A couple hours after the publication, one of the authors (Yves-Alexandre Montjoye) informed Aircloak of the vulnerability.
On April 24, Montjoye tweeted about the vulnerability, and the following day Imperial College London retweeted it. Montjoye’s tweet referred to a blog posting about the vulnerability. Both the paper and the blog characterize the vulnerability to be a serious one.
From the paper:
“We believe this vulnerability to be serious, allowing us to accurately infer private information of users with little background knowledge.”
From the blog:
“We developed a powerful attack allowing an attacker to potentially infer a user’s attribute with high accuracy with very limited auxiliary information.”
Given these and other statements, Aircloak’s customers and others interested in Aircloak may justifiably be concerned about the strength of Diffix’ anonymity. In fact, the researchers never actually implemented and tested the attack, and so in spite of the scary language, the researchers had no definitive evidence that the attack is actually effective.
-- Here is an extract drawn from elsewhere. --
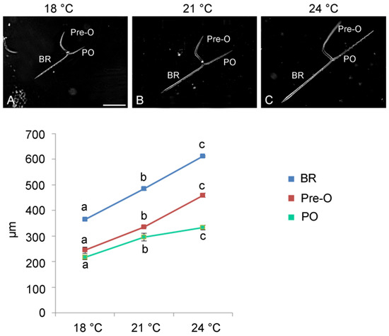 Morphometric evaluation of the length of BR (body rod), PO (post-oral arm), and Pre-O (pre-oral arm). Images of representative spicules purified from control embryos at 48 h of development, observed under light microscopy (20X), from V-untreated embryos (A–C) developed at three different temperatures: 18 °C (A), 21 °C (B), and 24 °C (C). Bar: 100 μm. The line graphs show data related to the average of measurements. Each set of experiments was replicated three times, and the data are reported as mean values with standard deviation (n = 3). Treatments with the same letter do not differ in Tukey HSD results.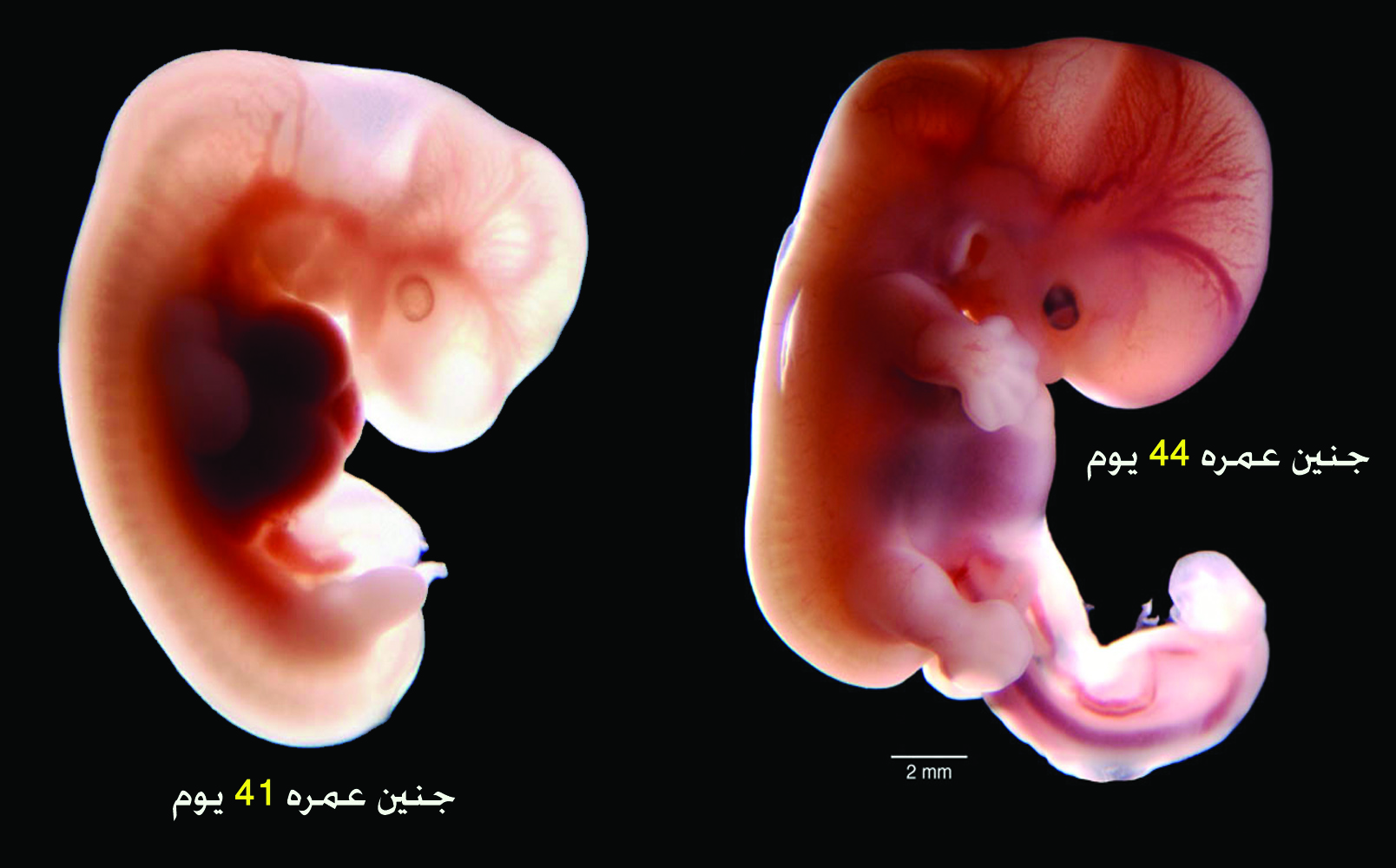 صورة حقيقية لجنين: على اليسار عمر الجنين 41 يوماً، وعلى اليمين أصبح عمره 44 يوماً.. انظروا كيف تم خلق الأطراف وإعطاء صورة الوجه والعينين والأذنين... سبحان الله!

We (MPI-SWS and Aircloak) have examined the attack, and have found the vulnerability to be minor. The attack can in principle work (and for this the researchers get credit for finding a new attack) but it requires a set of conditions that very infrequently exist in practice. Furthermore, a Diffix improvement that was already in development before the vulnerability was reported addresses the attack fully.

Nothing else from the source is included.